If you are seeing it for the first time, then the following definition is quite a lot to take in all at once:

f is * continuous at * x if, for every e > 0
there exists d > 0 such that |f(y)-f(x)| < e whenever
|y-x| < d.

The definition is usually presented as the rigorous formulation of our intuitive notion that a continuous function is one with a graph that can be drawn without lifting pen from paper. On the other hand, a beginning analysis course usually includes various standard examples of strange functions that demonstrate that the rigorous definition and the intuitive one do not quite coincide. (For example, there are functions that are continuous at every irrational x and discontinuous at every rational x. It is impossible to make intuitive sense of this statement in terms of drawing the graph of such a function.)

It may be easier to forget all about drawing graphs, and begin
with a different set of intuitive ideas, coming from how we take
measurements in real life. Suppose we have some physical quantity y
that depends in some way on another physical quantity x. For example,
x might be the number of seconds after dropping a stone from the top
of a high building and y might be the number of metres travelled by the
stone since it was dropped. Suppose further that we wish to determine
y, but can only actually measure x. In the example given, it might
be night time. If we want to know how far the stone has gone, we
cannot look at the stone because it is dark. However, elementary
mechanics tells us that y=g x^{2}/2, where g is the acceleration
due to gravity (I ignore wind resistance etc.) so instead we could
look at a stopwatch, determine x and then * calculate * y.

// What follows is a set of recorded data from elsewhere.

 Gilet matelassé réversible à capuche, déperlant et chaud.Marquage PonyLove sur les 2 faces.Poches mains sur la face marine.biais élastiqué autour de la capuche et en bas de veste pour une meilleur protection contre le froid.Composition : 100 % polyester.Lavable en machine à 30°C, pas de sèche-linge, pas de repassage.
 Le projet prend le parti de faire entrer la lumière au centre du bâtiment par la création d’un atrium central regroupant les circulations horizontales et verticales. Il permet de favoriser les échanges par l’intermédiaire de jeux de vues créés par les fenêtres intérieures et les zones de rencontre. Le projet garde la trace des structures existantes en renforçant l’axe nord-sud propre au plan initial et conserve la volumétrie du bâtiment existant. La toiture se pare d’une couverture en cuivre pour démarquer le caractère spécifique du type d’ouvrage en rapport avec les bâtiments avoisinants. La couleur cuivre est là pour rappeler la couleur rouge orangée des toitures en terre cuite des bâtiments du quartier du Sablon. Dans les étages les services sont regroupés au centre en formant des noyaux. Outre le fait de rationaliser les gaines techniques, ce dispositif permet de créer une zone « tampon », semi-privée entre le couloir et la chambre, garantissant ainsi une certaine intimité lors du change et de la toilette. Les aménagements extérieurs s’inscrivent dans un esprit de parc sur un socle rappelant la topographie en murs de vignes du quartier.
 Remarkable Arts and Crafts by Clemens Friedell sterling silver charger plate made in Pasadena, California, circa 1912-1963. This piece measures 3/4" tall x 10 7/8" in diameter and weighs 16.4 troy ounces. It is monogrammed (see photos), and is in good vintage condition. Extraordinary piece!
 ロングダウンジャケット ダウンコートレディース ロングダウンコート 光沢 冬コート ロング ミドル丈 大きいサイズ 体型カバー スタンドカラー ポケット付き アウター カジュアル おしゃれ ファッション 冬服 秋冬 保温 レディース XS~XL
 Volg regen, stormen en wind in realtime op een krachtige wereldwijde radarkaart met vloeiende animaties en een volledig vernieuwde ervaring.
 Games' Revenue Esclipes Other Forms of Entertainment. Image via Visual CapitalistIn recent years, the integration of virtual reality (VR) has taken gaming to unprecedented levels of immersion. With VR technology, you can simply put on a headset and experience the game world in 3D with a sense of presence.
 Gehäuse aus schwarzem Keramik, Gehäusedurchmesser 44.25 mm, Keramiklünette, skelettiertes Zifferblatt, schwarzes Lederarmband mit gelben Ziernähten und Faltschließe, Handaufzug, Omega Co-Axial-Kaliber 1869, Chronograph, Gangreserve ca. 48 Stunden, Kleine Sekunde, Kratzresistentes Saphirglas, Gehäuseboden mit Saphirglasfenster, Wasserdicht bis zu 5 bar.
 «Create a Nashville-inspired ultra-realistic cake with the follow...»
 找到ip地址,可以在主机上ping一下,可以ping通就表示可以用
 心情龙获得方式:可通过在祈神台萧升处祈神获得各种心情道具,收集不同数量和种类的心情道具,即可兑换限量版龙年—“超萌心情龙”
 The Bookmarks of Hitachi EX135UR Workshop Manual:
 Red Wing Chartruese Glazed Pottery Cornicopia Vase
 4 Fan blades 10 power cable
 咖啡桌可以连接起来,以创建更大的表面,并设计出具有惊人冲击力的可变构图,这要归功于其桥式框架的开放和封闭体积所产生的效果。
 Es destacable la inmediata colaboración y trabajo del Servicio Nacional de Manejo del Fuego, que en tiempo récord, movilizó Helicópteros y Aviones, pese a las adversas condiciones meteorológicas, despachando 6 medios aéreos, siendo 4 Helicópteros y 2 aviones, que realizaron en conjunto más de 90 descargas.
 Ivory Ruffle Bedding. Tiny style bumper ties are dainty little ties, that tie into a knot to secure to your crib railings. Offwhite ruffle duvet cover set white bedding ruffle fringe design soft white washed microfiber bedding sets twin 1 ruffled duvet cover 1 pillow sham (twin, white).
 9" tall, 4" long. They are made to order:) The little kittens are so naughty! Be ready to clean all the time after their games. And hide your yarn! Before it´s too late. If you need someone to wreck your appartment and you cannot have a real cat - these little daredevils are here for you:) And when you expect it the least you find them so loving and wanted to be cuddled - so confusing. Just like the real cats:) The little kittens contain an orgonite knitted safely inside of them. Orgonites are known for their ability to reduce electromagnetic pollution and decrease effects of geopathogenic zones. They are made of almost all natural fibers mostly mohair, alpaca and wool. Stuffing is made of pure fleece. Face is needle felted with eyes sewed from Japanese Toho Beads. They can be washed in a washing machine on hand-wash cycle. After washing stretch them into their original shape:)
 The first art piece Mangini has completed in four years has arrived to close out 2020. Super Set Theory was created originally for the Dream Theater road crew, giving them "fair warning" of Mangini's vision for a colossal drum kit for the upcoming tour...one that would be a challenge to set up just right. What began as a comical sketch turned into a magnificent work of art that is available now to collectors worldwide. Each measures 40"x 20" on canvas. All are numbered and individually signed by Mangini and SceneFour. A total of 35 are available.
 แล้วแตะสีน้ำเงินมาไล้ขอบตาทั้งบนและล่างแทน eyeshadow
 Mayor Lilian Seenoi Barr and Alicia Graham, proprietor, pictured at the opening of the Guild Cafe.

One problem with this is that, by the time we have done the calculation, the stone will probably have reached the ground. However, if we were really keen, we could set up a computer with a diagram of the building and a small dot indicating the position of the stone, and we could do it in such a way that the computer graphic really did indicate where the stone was until it hit the ground.

Much more important from the point of view of continuity is the following (very standard) observation: physical measurements are not real numbers. That is, a measurement of a physical quantity will not be an exactly accurate infinite decimal. Rather, it will usually be given in the form of a finite decimal together with some error estimate: x=3.14 +/- 0.02 or something like that.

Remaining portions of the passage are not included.